= Lake Amon G. Carter =

Lake in Montague County, Texas, United States

Lake Amon G. Carter is situated 6 miles south of Bowie in Montague county, Texas, and is situated on Big Sandy Creek. Lake Amon G. Carter is technically two lakes in one. The original lake was built in 1956 and has a different type of habitat than the 500-acre extension constructed in 1985. In the thirty-year gap between the original lake and the expansion there became a habitat in the original lake that does not exist in the new expansion. The lake has a surface area of 1,848 acres and a maximum depth of 50 feet. The conservation pool elevation is 920 feet above sea level.

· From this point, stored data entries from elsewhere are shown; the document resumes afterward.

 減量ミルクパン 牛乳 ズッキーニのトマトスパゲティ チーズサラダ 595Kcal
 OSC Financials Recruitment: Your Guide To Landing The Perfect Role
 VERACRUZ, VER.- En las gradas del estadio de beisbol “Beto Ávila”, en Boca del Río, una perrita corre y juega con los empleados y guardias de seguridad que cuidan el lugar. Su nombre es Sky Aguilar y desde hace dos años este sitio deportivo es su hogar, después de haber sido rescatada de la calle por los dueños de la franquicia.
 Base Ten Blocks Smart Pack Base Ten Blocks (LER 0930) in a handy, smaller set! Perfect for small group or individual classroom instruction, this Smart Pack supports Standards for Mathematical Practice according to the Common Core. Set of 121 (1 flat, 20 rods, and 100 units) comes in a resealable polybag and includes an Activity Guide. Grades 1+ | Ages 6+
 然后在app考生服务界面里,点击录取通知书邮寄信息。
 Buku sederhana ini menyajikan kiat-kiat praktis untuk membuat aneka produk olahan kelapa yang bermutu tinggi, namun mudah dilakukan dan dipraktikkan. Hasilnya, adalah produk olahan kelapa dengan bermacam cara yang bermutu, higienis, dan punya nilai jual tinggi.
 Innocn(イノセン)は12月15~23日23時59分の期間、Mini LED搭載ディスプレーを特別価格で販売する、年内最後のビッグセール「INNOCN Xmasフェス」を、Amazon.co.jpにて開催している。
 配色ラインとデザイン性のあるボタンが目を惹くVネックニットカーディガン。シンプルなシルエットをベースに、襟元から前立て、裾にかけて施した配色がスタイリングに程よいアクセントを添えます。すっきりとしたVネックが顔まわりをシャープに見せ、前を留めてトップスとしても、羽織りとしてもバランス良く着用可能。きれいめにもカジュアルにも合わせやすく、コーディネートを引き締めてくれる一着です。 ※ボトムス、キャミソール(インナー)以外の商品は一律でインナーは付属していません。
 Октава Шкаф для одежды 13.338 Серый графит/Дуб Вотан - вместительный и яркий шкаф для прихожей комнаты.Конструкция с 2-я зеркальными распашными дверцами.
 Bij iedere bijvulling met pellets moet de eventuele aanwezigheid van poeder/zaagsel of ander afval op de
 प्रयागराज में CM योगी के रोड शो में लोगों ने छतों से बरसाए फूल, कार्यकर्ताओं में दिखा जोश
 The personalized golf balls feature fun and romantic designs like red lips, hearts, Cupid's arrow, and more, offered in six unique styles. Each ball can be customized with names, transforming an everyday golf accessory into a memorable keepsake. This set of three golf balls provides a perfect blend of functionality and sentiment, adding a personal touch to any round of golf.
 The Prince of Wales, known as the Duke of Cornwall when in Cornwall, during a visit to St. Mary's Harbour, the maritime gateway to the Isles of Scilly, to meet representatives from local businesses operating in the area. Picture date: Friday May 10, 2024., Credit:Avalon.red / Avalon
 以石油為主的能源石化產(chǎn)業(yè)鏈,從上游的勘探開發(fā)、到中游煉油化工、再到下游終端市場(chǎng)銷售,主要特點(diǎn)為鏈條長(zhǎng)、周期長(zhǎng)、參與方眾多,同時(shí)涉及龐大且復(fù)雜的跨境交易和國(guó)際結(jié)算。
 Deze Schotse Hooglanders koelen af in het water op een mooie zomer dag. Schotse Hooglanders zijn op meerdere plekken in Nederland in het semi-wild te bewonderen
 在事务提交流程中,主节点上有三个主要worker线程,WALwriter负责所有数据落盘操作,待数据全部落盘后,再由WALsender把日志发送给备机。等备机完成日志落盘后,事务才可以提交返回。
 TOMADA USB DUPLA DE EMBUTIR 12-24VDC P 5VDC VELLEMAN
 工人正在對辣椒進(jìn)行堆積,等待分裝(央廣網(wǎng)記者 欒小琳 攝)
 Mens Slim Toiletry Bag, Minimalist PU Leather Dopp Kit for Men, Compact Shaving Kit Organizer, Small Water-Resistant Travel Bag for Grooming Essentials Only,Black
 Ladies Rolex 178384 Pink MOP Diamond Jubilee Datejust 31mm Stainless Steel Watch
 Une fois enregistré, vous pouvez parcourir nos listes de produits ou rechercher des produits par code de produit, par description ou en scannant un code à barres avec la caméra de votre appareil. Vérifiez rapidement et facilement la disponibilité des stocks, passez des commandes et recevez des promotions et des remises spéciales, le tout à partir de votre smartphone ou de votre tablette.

The lake is about 30 minutes northwest of Fort Worth, Texas. The lake is smaller than some surrounding lakes in the area and around the Dallas Fort Worth metroplex. The size of this lake was expanded to help control the amount of flood water that would go down stream to several flood plains.

== History ==
The dam first started construction in 1955 and was named the Amon G. Carter lake because of the Fort Worth, philanthropist and businessman by the same name. This initial dam and lake were made to control the flow of water and stop flood output along the Big Sandy Creek. The dam was completed in August 1956. Only about 30 years later was there another impoundment to expand the lake. The lakes are connected by a twenty-foot tunnel. Lake Amon G. Carter is also used for some mining that are in the area.

== Wildlife ==
Lake Amon G. Carter holds several species of fish including Largemouth Bass, Catfish, Crappie, White Bass and Sunfish. The older section of the lake has rocky shorelines and cattail beds while the new lake has much standing timber and many weed beds along the shoreline. Lake Amon G. Carter is a popular site for bass fishing in the spring and fall. There is species of water willow, brushy pondweed and coontail that populate the lake.

The lake is stocked with fish species as "fingerlings" every year to maintain the amount of wildlife that are in the lake.

== Recreation ==
Lake Amon G. Carter is a lake that has several recreational uses such as, boating, fishing, skiing, and camping. The fishing in this lake is better than most Texas lakes as the lake is less turbid than most north Texas lakes.